Skipping all pictures, set down the lines of the listing from the first through the one with "4 этаж 4 номера".

Supplied information:
****************************************

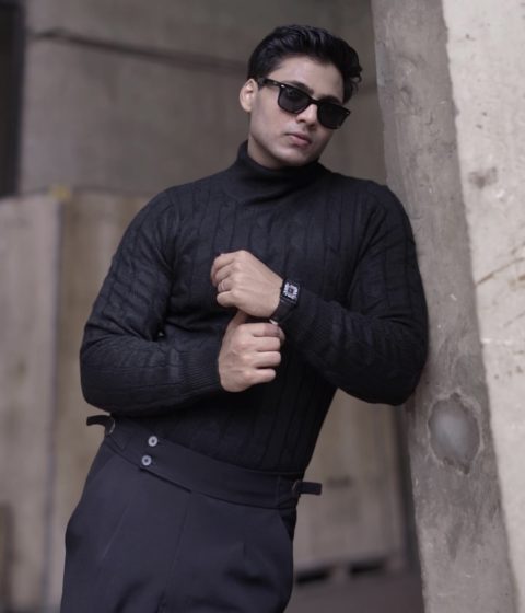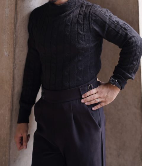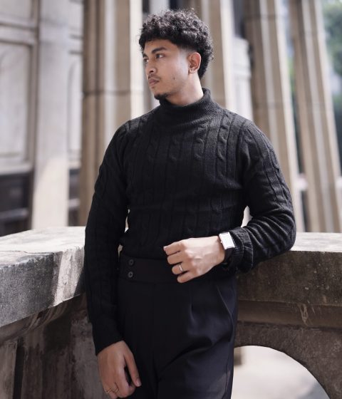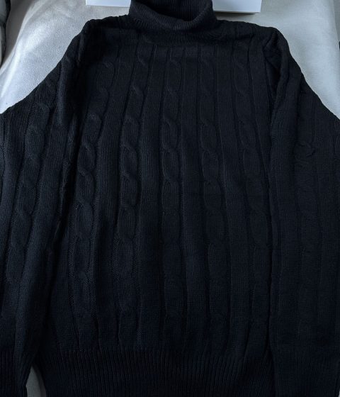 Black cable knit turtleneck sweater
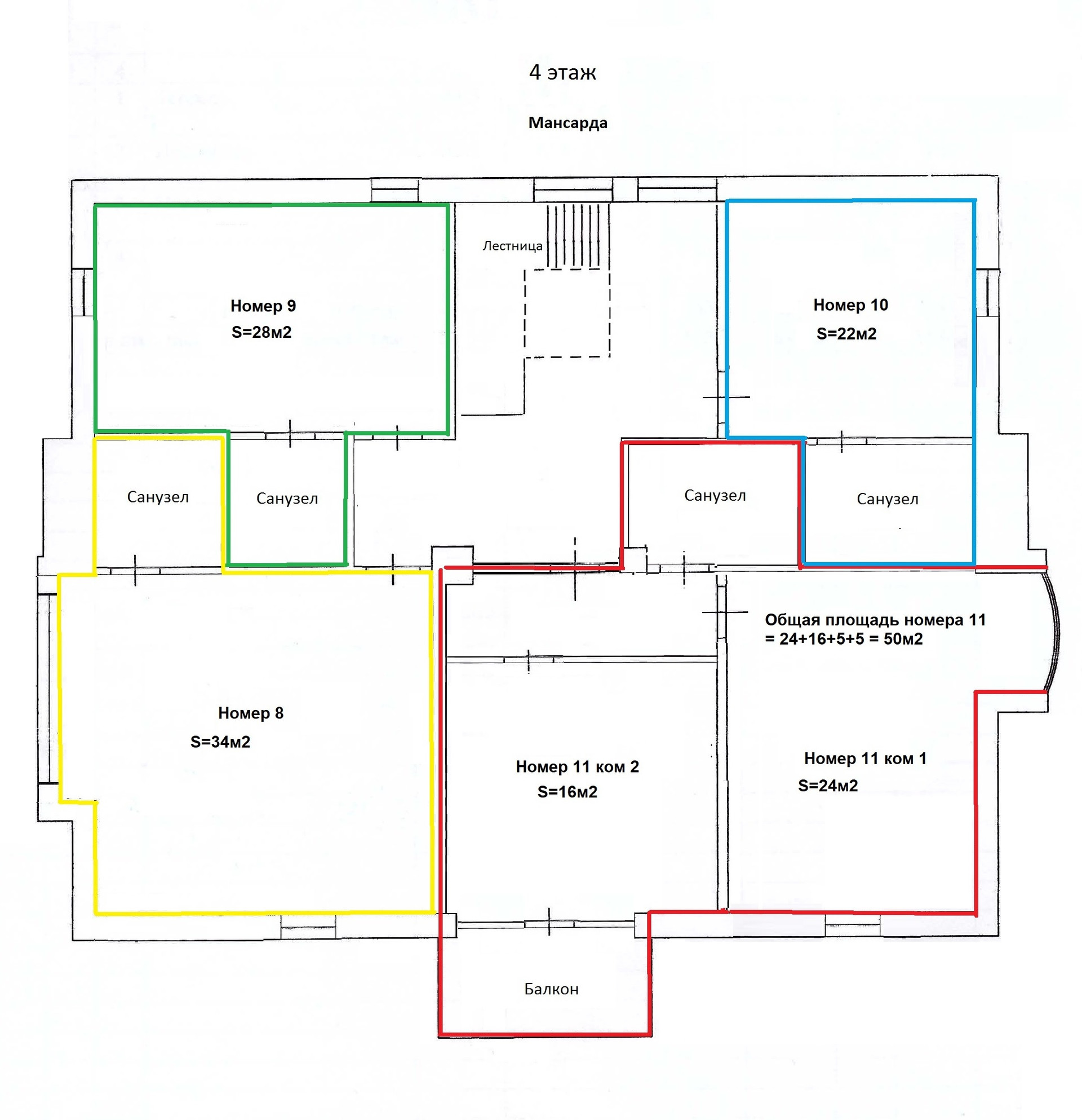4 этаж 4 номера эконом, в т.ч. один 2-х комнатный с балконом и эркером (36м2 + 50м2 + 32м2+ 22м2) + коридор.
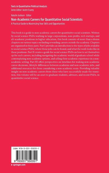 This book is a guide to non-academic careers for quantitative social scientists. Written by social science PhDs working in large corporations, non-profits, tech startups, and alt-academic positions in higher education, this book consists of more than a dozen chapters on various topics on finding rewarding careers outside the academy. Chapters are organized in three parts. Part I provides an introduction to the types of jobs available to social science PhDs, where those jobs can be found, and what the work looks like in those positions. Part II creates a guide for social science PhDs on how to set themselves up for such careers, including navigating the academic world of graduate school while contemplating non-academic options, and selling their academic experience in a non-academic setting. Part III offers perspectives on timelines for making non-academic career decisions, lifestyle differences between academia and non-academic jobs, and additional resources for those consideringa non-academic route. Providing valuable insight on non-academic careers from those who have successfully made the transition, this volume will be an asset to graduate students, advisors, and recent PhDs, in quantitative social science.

****************************************

Output:
 Black cable knit turtleneck sweater
4 этаж 4 номера эконом, в т.ч. один 2-х комнатный с балконом и эркером (36м2 + 50м2 + 32м2+ 22м2) + коридор.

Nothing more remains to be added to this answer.